The remaining cases of genetic hearing loss include other forms of inheritance.

Why is my child being referred for Genetic Testing?

Genetic testing may determine whether your child's hearing loss is due to non-genetic causes or due to changes on a gene resulting in hearing loss. From this information, professionals can calculate the likelihood that other children in your family may also have a hearing loss due to the same cause. A full genetic evaluation will also determine if there are other health conditions that should also be addressed.

What does this mean for my child?

In general, why your child has a hearing loss does not affect how your child will be educated. Management of your child's hearing loss will be based upon the specific characteristics of your child and his or her communication needs. The findings from a genetic evaluation may be relevant for your child's medical care.

What is the likelihood that this will happen again with other children in my family?

If the cause of your child's hearing loss is an autosomal recessivegene, then the likelihood that this will happen in another child (assuming the same partner) is 1 in 4 (25%). If the cause of your child's hearing loss is an autosomal dominant gene, then the likelihood that this will happen in another child (assuming the same partner) is 1 in 2 (50%).

Should I have my other children tested?

If it is determined that you and your partner carry the silent (recessive) gene which causes a hearing loss, then each of the unaffected children resulting with that partner have a 1 in 3 (66%) chance of also carrying the mutated gene, but not having hearing loss.

Whether or not your unaffected children should be tested to determine if they also carry the deafness gene is a matter of choice.
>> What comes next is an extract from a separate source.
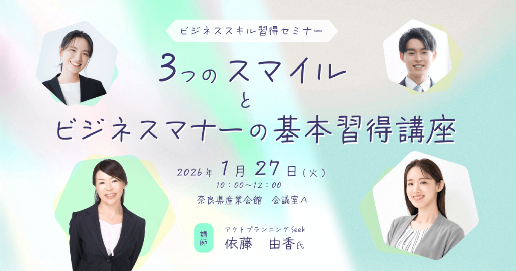 2026年1月27日(火)奈良県産業会館にて開催!基本的なビジネスマナー、身についていますか。学びなおしするなら今がチャンス! 受講ポイント・就職活動の実績として認められます(会場参加の方のみ受講証明を発行します)・求職中・在職中・学生も受講でき... -
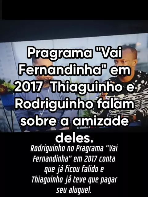 Thiaguinho e Rodriguinho em 2017 no Pragrama "Vai Fernandinha falam sobre a amizade deles e Rodriguinho conta que ficou falido e Thiaguinho o ajudou a pagar o aluguel. #sejacriador #maisgolds #foryou #videolongo

Your unaffected children may want to know their own gene carrier status so they would know whether to have their partners tested to determine if their children (your grandchildren) have a chance of having hearing loss due to this gene.

  • There is a 2 in 3 chance that unaffected siblings (brothers and sisters) of a child with recessive hearing loss carry the hearing loss gene (like you and your partner).
  • If this is the case, then their partner could be tested to determine if they are also a carrier. If that partner is also a carrier of the same gene, then each of their children would have a 1 in 4 (25%) chance of having the same genetic hearing loss.
  • If that partner does not carry the mutated gene, then all of their children would be unaffected, although each child would have a 50% chance of carrying the hearing loss gene.
  • There is a 1 in 3 chance that unaffected siblings do not carry the recessive hearing loss gene. If this is the case, there is virtually no chance of having a child with a hearing loss due to this gene.
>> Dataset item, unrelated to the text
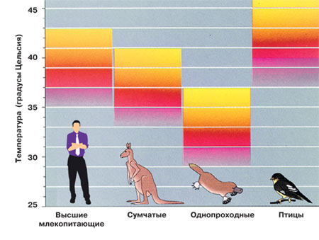 Температура тела у разных животных. Красным показаны пределы нормы, жёлтым — летальная температура.
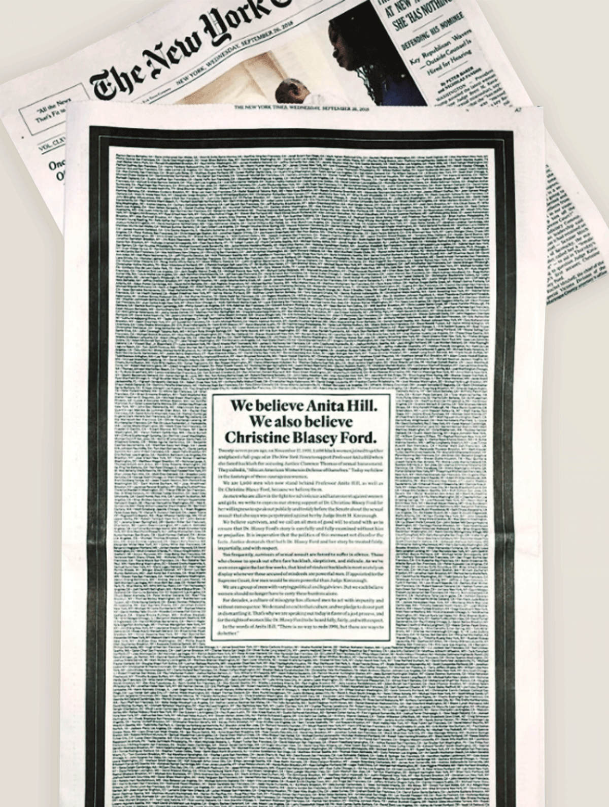 In 2018, a different ad in The New York Times appeared, that paid hommage to the Anita Hill initiative, this time with signatures or 1,600 men showing their support for Christine Blasey Ford, a sexual harassment survivor.

Is this something that I need to be concerned about in my other relatives?

If you and your partner carry a recessive gene, then at least one of your parents and one of your partner's parents also carry the gene. This means that each of your brothers and sisters has a 50% chance of carrying the same gene.

How much does genetic testing cost?

The monetary costs of a genetic evaluation and medical tests are generally covered by your health insurance. Families should always check with their health insurance carrier to determine if genetic and medical tests are covered under their particular plan.